R = limit(1,100k,V(1,2)*I(V1)) ; R stays between 1 ohm and 100k

To plot an I-V curve, start by using the differential cursor to plot the voltage across the resistor.  First click and hold down the left-mouse-button (red probe icon) on one side of the resistor and then drag and drop the black probe icon on the other side.  Finish by dragging the mouse pointer over the x-axis (a ruler icon will appear) and the click the left mouse button to bring up the Horizontal Axis menu.  Change the Quantity Plotted from "time" to "I(R1)" (assuming R1 is your behavioral resistor).

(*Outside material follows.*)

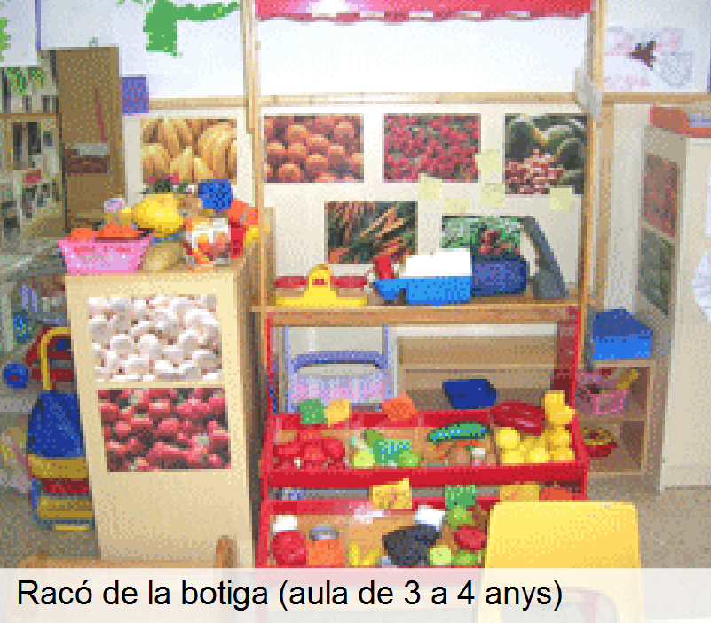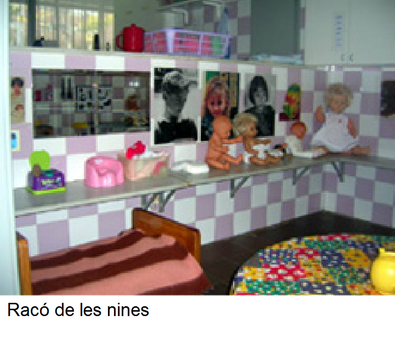 | Joc simbòlic i llenguatge | Trens, cuineta, nines, perruqueria, contes, titelles, tenda d’indis, supermercat, garatge… |
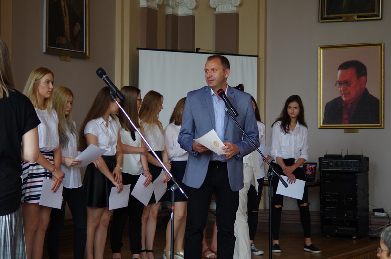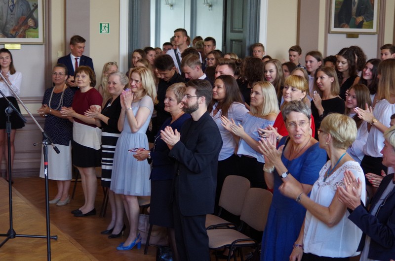 Ceremonia zakończenia roku szkolnego 2016/17 rozpoczęła się o godzinie 10.00. W szkolnej auli zgromadzili się uczniowie, dyrekcja szkoły, przedstawiciele Rady Rodziców, nauczyciele i inni pracownicy szkoły.

Behavioral Resistor & Power Sink/Source

Arbitrary Power Sink or Source where the function P=f() for power f is a constant or is an arbitrary function of any valid node voltage, branch current, etc. as with standard b-sources (note: power is sourced when f is negative).  In order to avoid large currents at voltages near zero, the arbitrary power sink/sources foldbacks to resistive behavior when the absolute value of voltage across the device falls below a default value of 1 volt.  The foldback point may be modified by specifying a VprXover parameter for the device, e.g. VprXover=50mV.

Bxxx n1 n2 P=<expression> [VprXover=<value>] ; example: B1 1 0 P=500W VprXover=5V (R=50mΩ below 5V)

Dual Value Resistors (for ac analysis)

LTspice is like Hspice in that it allows resistors to have different dc and ac values.  If ac=<value> is specified as a resistor parameter (either immediately after the normal dc value or in the Value2 field), the operating point is calculated using the dc value of resistance, but the ac resistance value is used in the ac analysis.  This may be useful when analyzing operational amplifiers, since the operating point computation can be performed on the unity gain configuration using a low value for the feedback resistance and the ac analysis may then be performed on a nearly open loop configuration by specifying a very large value for the ac resistance.

Resistor (and Capacitor) Model Statements

It's not in the .model section of the Help file, but LTspice seems to recognize standard model statements for resistors (RES) and capacitors (CAP), but not inductors (IND).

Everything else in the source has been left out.